I think "starting over" is a concept that we need to get rid of. There is no starting over, there's just moving on. So do you really want to postpone getting on with your life (the life you're trying to build for yourself), or do you want to wallow in your mistakes for a while. Maybe make a few more whoppers to dig that hole just a little deeper before you start climbing out.
Doesn't sound so great when you put it that way, does it? It's become "traditional" to binge before a diet. It's also traditional to believe that dieting must be done perfectly, and if you make a mistake (no matter how small) why that means "you blew it" and the appropriate response is to eat like a maniac until you can "start fresh" being perfect tomorrow morning. Unless of course your mistake happens on a Thursday or Friday - then you have permission to gorge all weekend and "start fresh" on Monday.

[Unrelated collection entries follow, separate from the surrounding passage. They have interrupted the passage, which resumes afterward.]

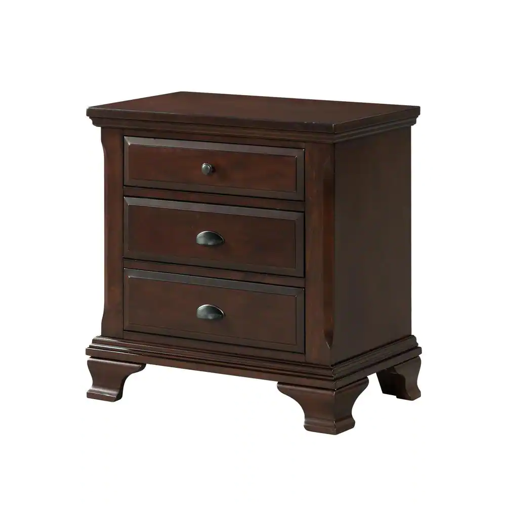 None Bathory 3 -Drawer Walnut Solid Wood Nightstand 30 in. H x 32 in. W x 18 in. D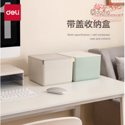 得力(deli)XDM13桌面收纳框 办公收纳盒 防尘整理盒 绿色带盖高款方形 SKU:yzwhyp801529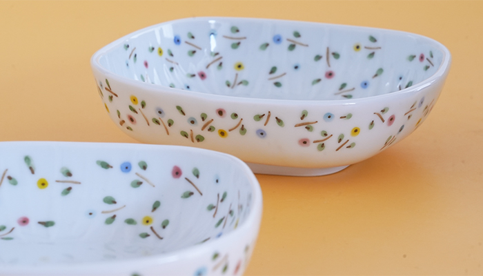 高橋順子さんから届いた新作「小花 四角小鉢」淡いトーンのカワイイ小花を内外に散らした絵柄は、

It's an unwritten game we're taught to play, and we follow the rules without questioning them, because it's just the way dieting "is done" in our culture. Problem is it's a game that doesn't work - no one wins it, except by refusing to play by "the rules" we've all been handed.
To win, you have to break the rules. You have to make new ones, ones that will get you where you want to be, and "blowing it," then bingeing and "starting fresh" those are all the "old rules" the ones that don't work.
Every mouthful is a choice that can help or hurt you - so which is your next mouthful going to do. Is it going to get you closer to your goal, or move it further away.
I titled my 3FC Blog "Starting Over, Take 1847," and I regret it, because I learned (shortly after creating the blog) that there is no starting over. I've been dieting since I was 5 years old, I'm 44 years old now, and I realized that the concept of "starting over" has been my biggest obstacle. If I had understood from the beginning that even "failing" isn't starting over, IF you learn from the mistakes instead of deciding to mess up even more and start fresh tomorrow. It usually isn't the days honest mistakes that set you back it's the "might as well stuff my face all night so I can get it out of my system and start fresh tomorrow."
When there is no starting over, just moving on, you ask yourself which direction do you want to go backwards or forwards.
I constantly use the climbing analogy. If you're rock climbing and you slip and fall - do you keep climbing or do you throw yourself to the bottom of the canyon, so that you can "start over?"
The choice is obvious and yet it's not the choice we're "taught" to make. We're taught to throw ourselves to the bottom of the canyon - you can see why so few people ever make it to the top. Break the rules so you can get where you want to be.